A pseudo interatividade na mídia global

Muito tem se falado sobre as novas tecnologias como formas modernas de comunicação, sendo notável o interesse de grandes empresas e governos em adotar ferramentas que possibilitam uma maior interatividade entre o público e os emissores de informação. Sem qualquer intenção de menosprezar os bons usos dessas tecnologias, algumas questões estão passando ao largo da "modernização" dos processos de comunicação. Até que ponto estes elementos de interatividade representam, de fato, uma maior participação do público?

Essas formas de "democratização" da comunicação são extremamente perigosas, porque passam a nítida impressão de que há uma intervenção direta do receptor. Que, no entanto, é apenas uma meia-verdade e, em alguns casos, uma completa farsa.

Primeiro, porque quem vai escolher com o que os receptores vão interagir continua a ser os mesmos emissores. A produção continua centralizada nas mãos de poucos, o que por si só delimita o campo de ação do cidadão, que se resume a escolher opções pré-estabelecidas pelos próprios emissores. Em outras palavras, quando a escolha for feita pelo receptor, uma escolha, de fato, já foi feita anteriormente.

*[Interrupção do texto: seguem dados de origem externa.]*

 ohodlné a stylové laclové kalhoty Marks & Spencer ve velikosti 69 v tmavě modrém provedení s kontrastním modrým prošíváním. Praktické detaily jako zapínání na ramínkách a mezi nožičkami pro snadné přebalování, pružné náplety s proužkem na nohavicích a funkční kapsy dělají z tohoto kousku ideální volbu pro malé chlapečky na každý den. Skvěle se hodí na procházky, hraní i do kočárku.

Segundo, porque uma suposta participação mais efetiva na escolha de conteúdo e linguagem pode não significar, em absoluto, um avanço real na tomada de decisão por parte do público.

A interatividade é aqui entendida como uma interação flexível, onde relações recíprocas entre os interlocutores — próprias de situações de diálogo — são possíveis a partir da tecnologia eletrônica ou digital[1]. Isso significa superar visões de um modelo redutor marcado pela unidirecionalidade, que coloca o emissor como propositor de mensagens fechadas e o receptor passivo diante delas.

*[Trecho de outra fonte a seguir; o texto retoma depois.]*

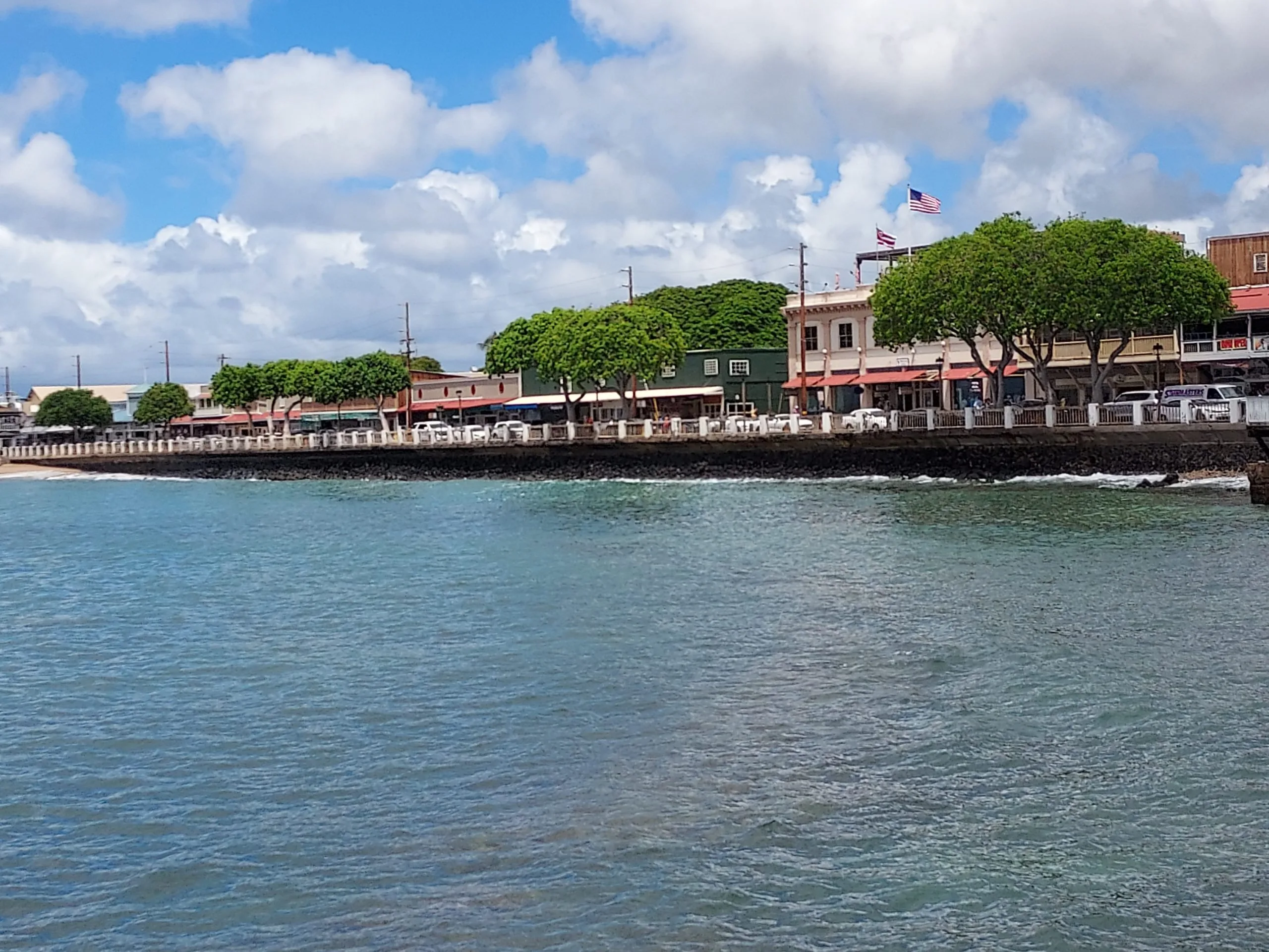 A colossal dive/tour boat backed into its birth as a twin-engine fishing boat chugged in after it. A small crowd waited for tables in a line outside Papa ‘Aina at The Pioneer Inn. Waves lapped along the seawall along the Lahaina Waterfront. Tourists and locals sat in the shade under Lahaina’s famous banyan tree.

Significa transformar e redimensionar o espaço da recepção como espaço de interação e transformação, modificar os papéis de emissores e receptores para uma dinâmica relacional, de co-autores/criadores.

Além disso, é sempre bom lembrar que uma das maiores armas de qualquer governo ou empresa na sociedade pós-moderna — a publicidade — é extremamente dependente do conhecimento que possui do público, o que torna algumas ferramentas interativas em pesquisas de mercado eficientes que, por sua vez, ajudam ainda mais o mercado a entender e conquistar o público. O problema desse uso é que, ao tratar seres humanos como meros consumidores e a informação como mercadoria, a sociedade está direcionando automaticamente as novas tecnologias para quem pode pagar mais, tornando-se assim a interatividade mais uma ferramenta de concentração e exclusão social.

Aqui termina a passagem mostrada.